El Estado, sujetándose a las leyes, podrá en casos de interés general, concesionar la prestación de servicios públicos o la explotación, uso y aprovechamiento de bienes de dominio del Estado, salvo las excepciones que las misma prevengan. Las leyes fijarán las modalidades y condiciones que aseguren la eficacia de la prestación de los servicios y la utilización social de los bienes y evitarán fenómenos de concentración que contravengan el interés público.

Se podrán otorgar subsidios a actividades prioritarias, cuando sean de interés general y con carácter temporal.

El Estado sólo concertará endeudamiento para los cuales se generen los ingresos necesarios que cubran los compromisos adquiridos, conforme lo estipula la ley.

El Estado organizará un sistema de planeación del desarrollo local, en coordinación con el Sistema Nacional de Planeación Democrática que imprima solidez, dinamismo, permanencia y equidad al crecimiento de la economía, para el fortalecimiento de su soberanía y la democratización política, social y cultural del Estado.
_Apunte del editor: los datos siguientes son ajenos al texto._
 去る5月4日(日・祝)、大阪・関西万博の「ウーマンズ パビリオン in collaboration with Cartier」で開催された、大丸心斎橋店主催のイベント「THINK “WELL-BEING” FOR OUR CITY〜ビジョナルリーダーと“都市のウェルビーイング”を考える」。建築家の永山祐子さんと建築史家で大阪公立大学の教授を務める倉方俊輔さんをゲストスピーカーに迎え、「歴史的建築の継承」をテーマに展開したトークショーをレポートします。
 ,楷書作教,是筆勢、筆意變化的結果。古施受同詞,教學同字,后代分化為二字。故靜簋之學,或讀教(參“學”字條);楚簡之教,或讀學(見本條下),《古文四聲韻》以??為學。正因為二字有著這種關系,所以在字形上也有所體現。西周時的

Los fines del proyecto estatal contenidos en esta Constitución determinarán los objetivos de la planeación. La planeación es un proceso político, democrático y participativo que tomará en cuenta las peculiaridades de cada una de las regiones que comprende el Estado de Oaxaca. Será regional e integral y tendrá como unidad de gestión para el desarrollo, a los planes elaborados a nivel municipal. Mediante la participación de los diversos sectores sociales recogerá las aspiraciones y demandas de la sociedad, para incorporarlas al Plan Estatal de Desarrollo, al que se sujetarán obligatoriamente los programas de la administración pública.
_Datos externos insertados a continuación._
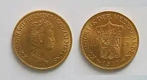 Очередное изменение в ценности денежной единицы произошло в 1875 году, когда страна перешла к золотомонетному стандарту. Содержание чистого золота в 1 гульдене законодательно устанавливалось в 0,6048 г. В Голландии стали чеканить золотые монеты номиналом в 10 и 5 гульденов[61].
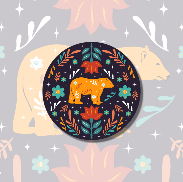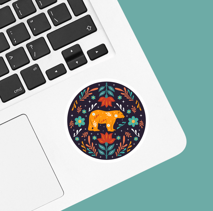 This adorable floral folk art style bear sticker is perfect to add to your laptop as a decal, to decorate your planner or as a gift to a nature-loving friend.

La ley facultará al Ejecutivo para que establezca los procedimientos de participación democrática y los criterios para la formulación, instrumentación, control y evaluación del plan y los programas de desarrollo. Asimismo, determinará los órganos responsables del proceso de planeación y las bases para que el Ejecutivo coordine, mediante convenios con los municipios e induzca y concerte con los particulares, las acciones a realizar para su elaboración y ejecución.

En el Sistema de Planeación Democrática, el Congreso tendrá la intervención que señale la ley.

Artículo 21.- La imposición de las penas es propia y exclusiva de la autoridad judicial. La investigación y persecución de los delitos incumbe al Ministerio Público, el cual se auxiliará con una policía que estará bajo su autoridad y mando inmediato.

Compete a la autoridad administrativa la aplicación de las sanciones por las infracciones a los reglamentos gubernativos y de policía.